I bought a beautiful Dior brooch for my own collection. Christian Dior is interesting because he worked with so many collaborators. It’s a design I’ve never seen before, it’s very Art Deco in style which was quite unusual for him. Big [couture] houses like Dior and Chanel do have historical records but they don’t have all the information - their approach is very much retrospective archiving. There is no single source to look to really when you are researching. It’s lovely that after all these years, there’s always something that will take me completely by surprise.
Don’t you just end up wanting to keep everything?
It is very hard! I’m like everyone else though, I have a budget. Collecting is also about keeping things safe for the future.

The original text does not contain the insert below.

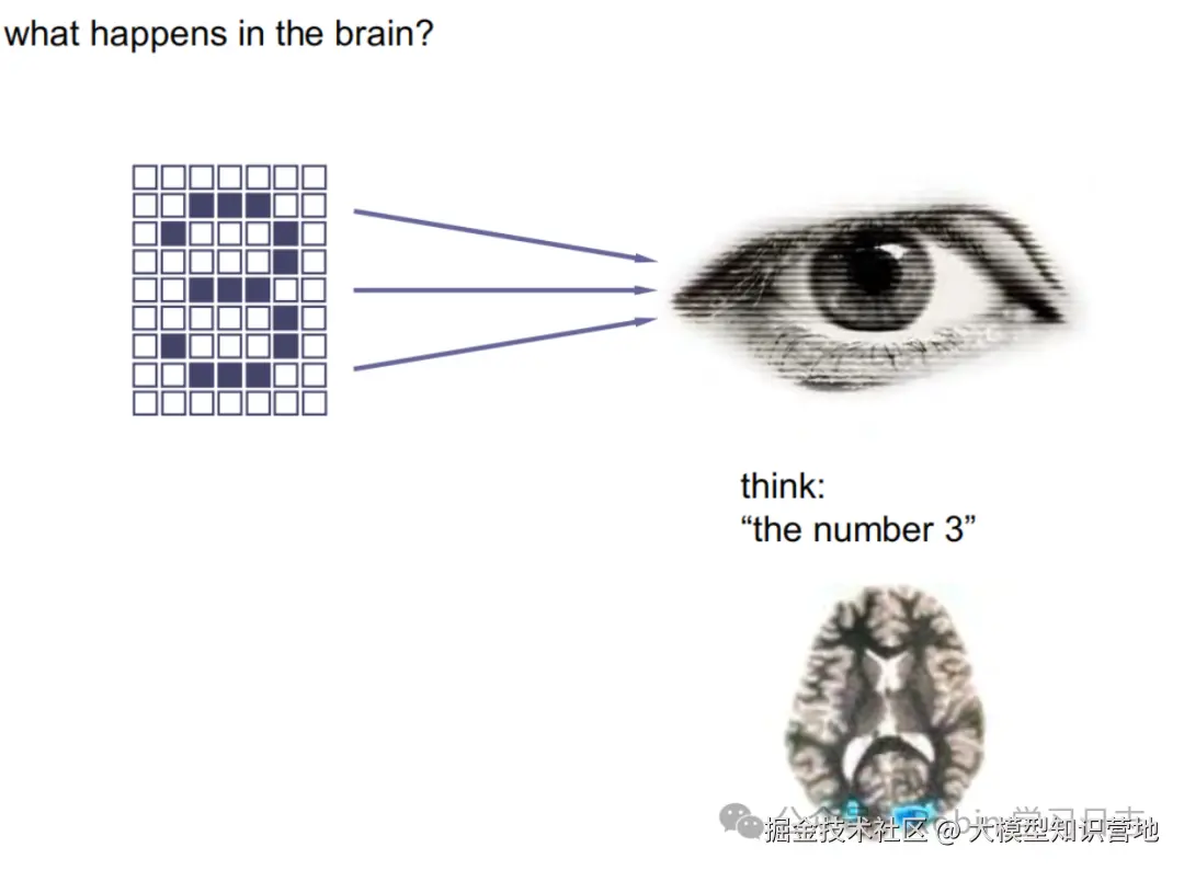 在生命中的某个时刻,通过看数字“3”,你大脑中的神经元可能已经与其他神经元形成了连接。如果一个神经元从其他神经元那里接收到足够的电信号,它就会再次激活,这样你眼睛里的视杆细胞就会与某种东西相连,产生“3”这个概念。

I lent a piece of Dior jewellery to London’s Victoria & Albert museum for the exhibition Christian Dior: Designer Of Dreams in 2019. The piece [the bronze, rhodium and glass Bal de Oiseaux parure seen above] is from my personal collection but I’ve actually bequeathed it to the museum. The story is that it was made in London by a maker called Mitchel Maer following Christian Dior’s design. Dior was a real anglophile. He had a huge soft spot for England, so it’s going to its rightful home.

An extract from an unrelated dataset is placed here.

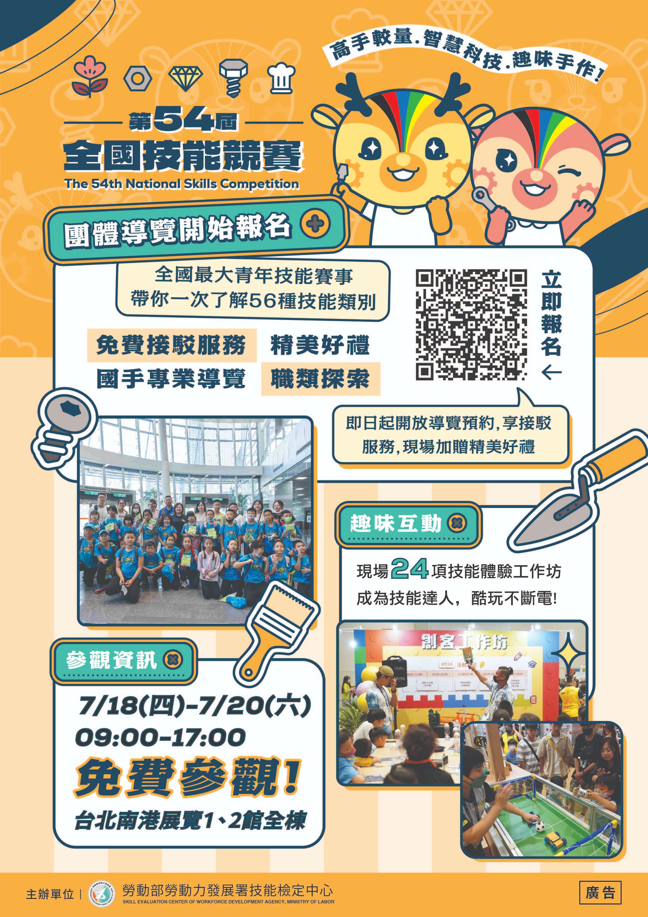 三、旨揭競賽活動歡迎各級學校安排學生戶外教學及師生一同 蒞臨參觀,也歡迎組團親子參訪,大會將提供免費導覽 (含外語)服務,期能強化技能教育、提升學習意識,以 達到向下扎根之目的,並強化國際連結。

Tell me a little bit more about the collections you have chosen for the Selfridges stores in London, Manchester and Birmingham?
They are small edits but some of them are quite large pieces so they need space. In London, the focus was the glitz and the glamour of the cocktail era of the 1950s with a few touches of 80s drama with big chokers and earrings. In Manchester and Birmingham, the collections are more designer-led, predominately Chanel, Dior and Givenchy. The London edition is now online, but these one-of-a-kind pieces are meant to be seen and felt so we are looking forward to the stores reopening post lockdown.

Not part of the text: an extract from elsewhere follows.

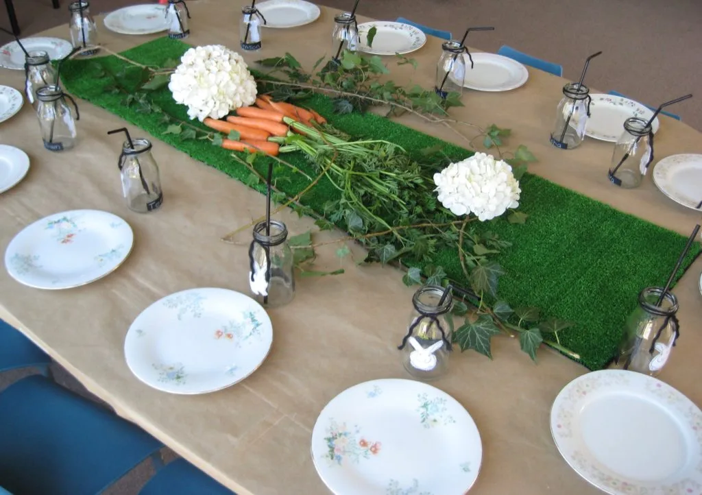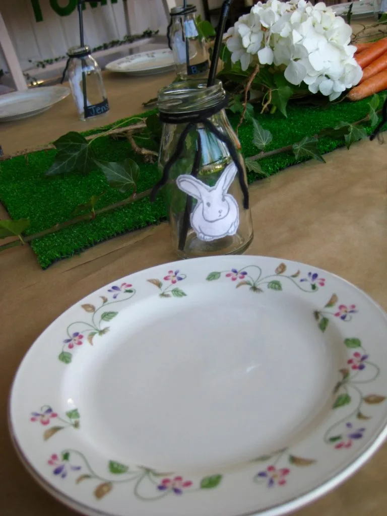 I used some brown wrapping paper to cover the kid’s table and decorated it with a grass table runner. I’d been gathering a collection of beautiful vintage plates from op-shops and these were perfect to serve the kids food. A great option for sustainable kids parties. I glued some fabric bunnies to my milk bottles from lovely material purchased at Spotlight. I looped a tie of black wool on them, labeled them with the kids names using a black sticker and popped a black straw in to match.

Some of these jewels must have an interesting backstory…
There are a pair of golden Dior earrings in Selfridges Manchester. The same model was worn by Linda Evangelista on the runway in 1991. [This moment was chosen by formidable French editor Carine de Roitfeld as one of her favourite Linda E catwalk moments]. When you find an image like that, it’s so great. I am forever trawling runway images to see if I can place a piece in a moment in time. Inevitably, while I’m searching, I fall into another five rabbit holes. But finding a time and place really brings things to life. In London, there’s a blue crystal cluster necklace. It’s not a Dior piece but Dior and Swarovski together invented the rainbow crystal better known as the Aurora Borealis crystal. It’s a really dramatic piece that sits just above the collar bone. The colour blue is so difficult to capture with this stone as it’s so transient. I mean it’s 70 years old, just metal and glass, and yet someone has painstakingly set each and everyone of these stones. If you look at the back, the artistry is just as strong, which is a significant feature of vintage costume jewellery. Something to cherish and not so prominent today.
Is there a vintage piece that you are on the hunt for?
There’s a brooch by Dior, a crystal encrusted unicorn from the 1950s. I have a few but they are astronomical because they are so rare. It was made by Mitchel Maer too. The things that he and Dior created together were just magical. They designed a musical box that could be worn as a pin decorated with cherubs and flowers. Just to think of them devising that together: a miniature mechanism made in Switzerland magicked up into something so beautiful to be pinned to your clothes! In modern jewellery, well these stories are almost second or third hand, drawing back from this rich past. Chanel was so ahead of her time too. Her clothes but also her jewellery was so boundary breaking. I could talk about these designers and how they revolutionalised jewellery for hours.
Do you think costume jewellery can take on its own personality given the fact that heritage is such a big draw for the buyer?
Costume jewellery continues to fascinate and the story develops according to your own life and adventures. I remember we sold three spider brooches in one night once. One was to a barrister. She said she was going to an important “do” the following week and wanted a talking point - which I think is really fabulous. So jewellery expresses things without having to say anything, which is one of the reasons I love it so much.